Welcome to the Semiconductor Insiders podcast series.
The guest today is Hezzi, Sarr, executive director of product marketing at Synopsis.
Hezhi is responsible for the mobile automotive and consumer IP product lines.
He brings more than 20 years experience in semiconductor and embedded systems industries.
Welcome to the podcast, Hezzi.
Hey, thank you for having me.
You know, I just noticed you've been at Synopsis for more than 17 years.
That's quite a, quite a tenure.
Can you tell us a little bit about your journey?
Yeah, sure.
So I started from a semiconductor space and then moved to the IP space.
I was actually heading the BP product line when I joined Synopsis.
I grew up to a very healthy and very profitable position.
Now I'm already an overlooking multiple markets, mobile automotive and consumer,
So more than just a single product client are actually looking for a variety of markets.
So the market has evolved to a level where it's really the innovation is happening in so many applications.
So and very very challenging as well to service going forward.
Yeah, I spent probably more than half of my career in IP.

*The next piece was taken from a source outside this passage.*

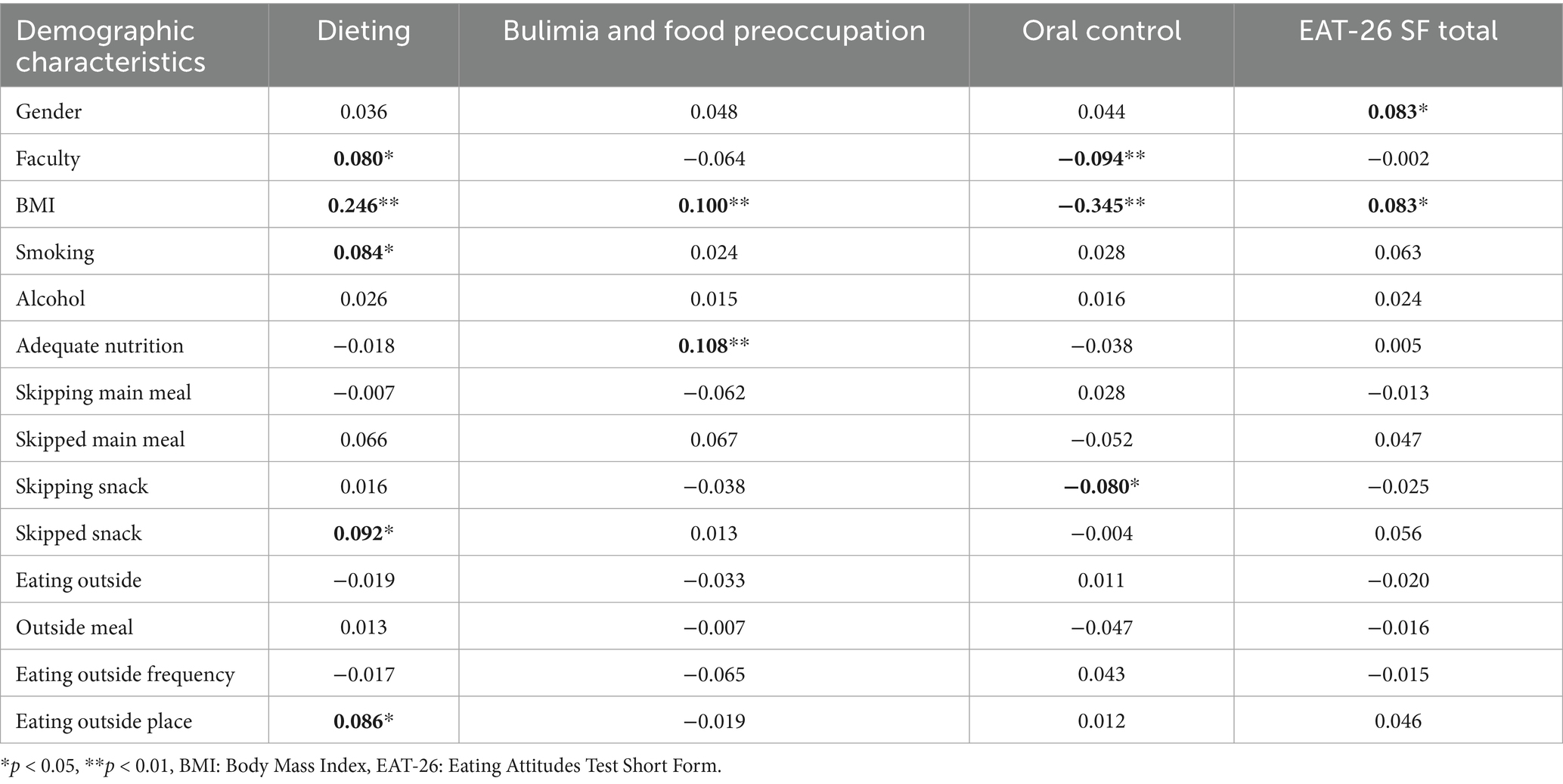 The preoccupation with eating sub-scale of EAT-26 was significantly correlated with the participants’ faculty (r = 0.080; p < 0.05), BMI (r = 0.246; p < 0.01), smoking (r = 0.084; p < 0.05), skipped snack (r = 0.092; p < 0.05), and eating out (place) (r = 0.086; p < 0.05). The restriction subscale of EAT-26 was significantly correlated with BMI (r = 0.100; p < 0.01) and adequate nutrition (r = 0.108; p < 0.01). The social pressure sub-scale of EAT-26 was significantly correlated with the participants’ faculty (r = −0.094; p < 0.01), BMI (r = −0.345; p < 0.01), and skipping snacks (r = −0.080; p < 0.01). EAT-26 total was significantly correlated with gender (r = 0.083; p < 0.05) and BMI (r = 0.083; p < 0.05) (Table 3).

I tell you, the most rewarding part is IP moves so fast and it's so critical.
And with AI, I think that's the case as well.
You know, I keep hearing about physical AI.
So, Hezzi, can you define it and describe what's driving the interest?
Sure.
So I think the AI that we mostly hear about and the buzz is about AI and high performance
compute and the cloud.
And that is mostly for training.
Some is also for inference.
When we talk about edge AI first, AI is running on device itself.
so in the palm of our hand or it's really interacting with humans.
When we talk about the physical AI, it's a subset of that,
which means applications that are actually interacting with humans.
So they're not only performing in the digital domain,
these kind of autonomous systems are able to understand, reason,
and perform or orchestrate complex actions in the physical world.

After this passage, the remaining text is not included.